As someone who has worked in oil and gas for decades, Bull knows that when it comes to these kinds of transitions, moralising must be kept at bay. Instead, the galvanising energy story is an economic one.

He cites the ‘enormous carbon footprint’ of Canada’s oil sands development project and heavy oil produced in Venezuela. Due to high rates on carbon tax, he argues, these projects will soon become infeasible.

“High CO2 taxes in the future will reduce or impinge on heavy oil production – taxes work because they’re hitting people where it hurts. If people are making the wrong economic choices, then that does change behaviour,” Bull says. “Of course, there’s a moral element to it, but I don’t think that is the part that gets people moving.”

For a man who specialises in transitions, getting people moving is now Bull’s primary job. In a few hours, he is set to fly to Philadelphia for a meeting to discuss Empire Wind, the company’s first significant offshore wind project in the US.

Upon completion, this 816MW project, which spans 80,000 acres south-east of Long Island, will power 500,000 homes. While this ambitious undertaking is occupied by fixed turbines, the seemingly endless stretches of California coastline are ideal foundations to build the US floating wind revolution. “I think the length of the California coast, particularly as you see the electrification of the vehicle fleet, looks like a good long-term market,” Bull says.

A global potential

While the UK, Norway and France continue to lead the way in the floating wind sector, South Korea is also showing great potential with plentiful areas of deep water, well-established oil, gas and shipping industries, and a government seeking to diversify the country’s energy programme.

Buoyed by these developments, Bull is confident that the global floating wind sector will grow in the next decade, with five to seven major offshore floating wind projects spurring on further investment and convincing other nations to follow suit.

“Getting major scale global projects will reduce the cost dramatically, and potentially inspire other countries to open up to it. At the moment we’re on the cusp of a really exciting area,” he says.
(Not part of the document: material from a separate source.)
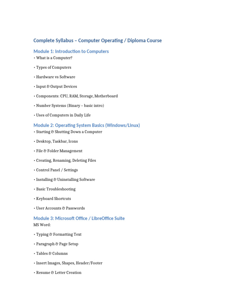 Computer Basic Syllabus | PDF

With 80% of the world’s best wind resources on offer, floating wind represents an exciting new chapter for renewable energy, with an influx of projects set to be constructed around the globe in the next decade.

While challenges remain, not least acquiring further investment and larger turbines, these swaying structures located far out to sea could fundamentally alter how electricity is generated, marking an exciting new chapter in an age-old energy transition story.